*** Opening of DATA FOR THIS EXERCISE ***

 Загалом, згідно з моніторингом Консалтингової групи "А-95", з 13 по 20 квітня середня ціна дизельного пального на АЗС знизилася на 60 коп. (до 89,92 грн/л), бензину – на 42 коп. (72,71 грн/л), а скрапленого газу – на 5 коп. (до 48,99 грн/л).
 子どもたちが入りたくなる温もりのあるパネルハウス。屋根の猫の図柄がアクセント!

*** Close of DATA FOR THIS EXERCISE ***
*** Opening of DATA FOR THIS EXERCISE ***

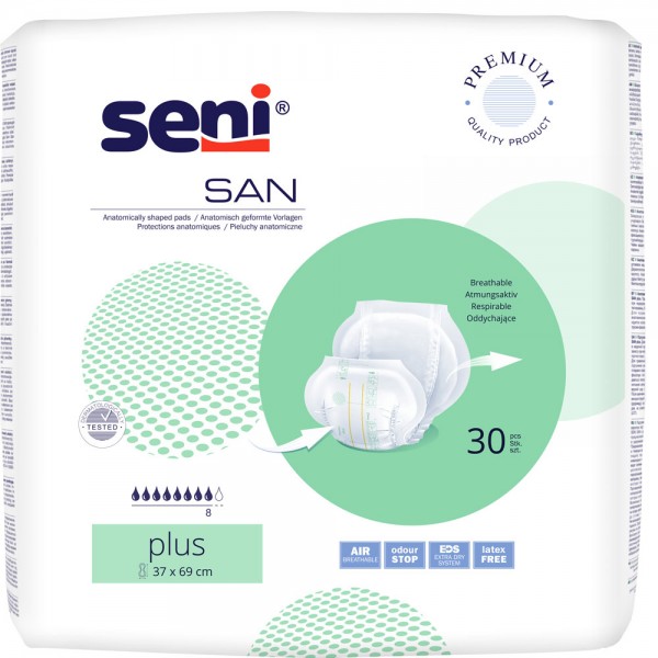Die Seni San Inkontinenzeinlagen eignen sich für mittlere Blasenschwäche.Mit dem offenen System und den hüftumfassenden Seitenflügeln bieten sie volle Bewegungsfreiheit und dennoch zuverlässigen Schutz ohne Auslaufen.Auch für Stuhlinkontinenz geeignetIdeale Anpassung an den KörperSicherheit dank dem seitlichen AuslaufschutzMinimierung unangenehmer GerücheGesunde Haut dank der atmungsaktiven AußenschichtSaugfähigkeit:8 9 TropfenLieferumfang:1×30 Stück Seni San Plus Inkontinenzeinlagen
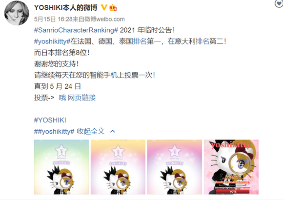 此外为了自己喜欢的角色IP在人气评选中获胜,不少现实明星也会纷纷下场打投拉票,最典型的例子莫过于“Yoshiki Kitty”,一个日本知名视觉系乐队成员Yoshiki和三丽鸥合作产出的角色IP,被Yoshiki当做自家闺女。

*** Close of DATA FOR THIS EXERCISE ***
*** Opening of DATA FOR THIS EXERCISE ***

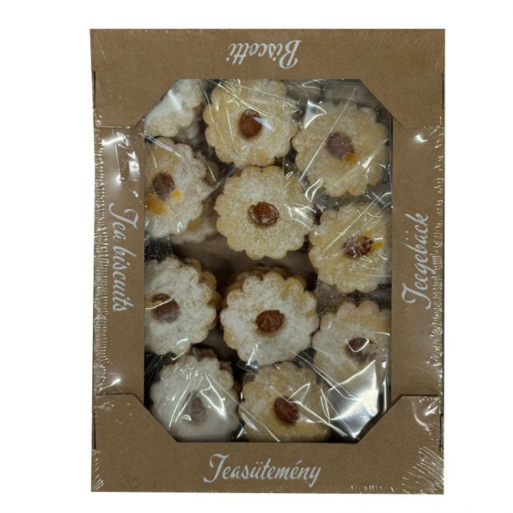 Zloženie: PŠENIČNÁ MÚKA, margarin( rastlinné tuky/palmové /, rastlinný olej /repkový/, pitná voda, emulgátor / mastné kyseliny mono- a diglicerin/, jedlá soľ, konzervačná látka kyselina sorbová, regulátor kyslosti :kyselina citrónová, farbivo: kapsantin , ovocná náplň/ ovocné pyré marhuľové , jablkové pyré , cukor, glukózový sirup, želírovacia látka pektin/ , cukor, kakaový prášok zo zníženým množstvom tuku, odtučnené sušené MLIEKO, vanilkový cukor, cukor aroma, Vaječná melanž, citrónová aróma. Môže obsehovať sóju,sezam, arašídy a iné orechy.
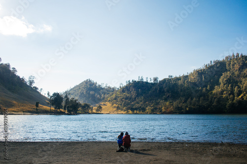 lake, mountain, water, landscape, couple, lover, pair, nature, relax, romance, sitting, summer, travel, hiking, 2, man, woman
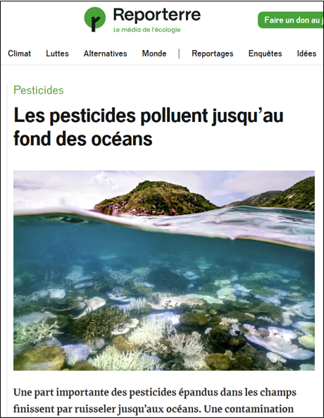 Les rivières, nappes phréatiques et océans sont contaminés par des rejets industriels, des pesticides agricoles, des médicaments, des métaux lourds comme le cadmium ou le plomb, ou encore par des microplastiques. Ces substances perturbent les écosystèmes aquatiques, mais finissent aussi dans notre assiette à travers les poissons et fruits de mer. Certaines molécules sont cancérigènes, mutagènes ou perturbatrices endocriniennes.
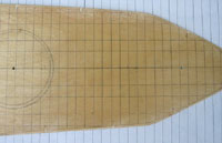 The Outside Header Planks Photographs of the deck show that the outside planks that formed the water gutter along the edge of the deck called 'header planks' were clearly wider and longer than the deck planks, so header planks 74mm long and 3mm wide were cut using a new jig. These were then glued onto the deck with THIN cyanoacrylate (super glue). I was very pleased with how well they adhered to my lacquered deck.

*** Close of DATA FOR THIS EXERCISE ***

### [PROBLEM DETAILS]
Your answer should consist of the lines above between those holding "Les rivières, nappes" and "The Outside Header", inclusive, reproduced word for word and without pictures.

### [EXERCISE RESULT]
 Les rivières, nappes phréatiques et océans sont contaminés par des rejets industriels, des pesticides agricoles, des médicaments, des métaux lourds comme le cadmium ou le plomb, ou encore par des microplastiques. Ces substances perturbent les écosystèmes aquatiques, mais finissent aussi dans notre assiette à travers les poissons et fruits de mer. Certaines molécules sont cancérigènes, mutagènes ou perturbatrices endocriniennes.
 The Outside Header Planks Photographs of the deck show that the outside planks that formed the water gutter along the edge of the deck called 'header planks' were clearly wider and longer than the deck planks, so header planks 74mm long and 3mm wide were cut using a new jig. These were then glued onto the deck with THIN cyanoacrylate (super glue). I was very pleased with how well they adhered to my lacquered deck.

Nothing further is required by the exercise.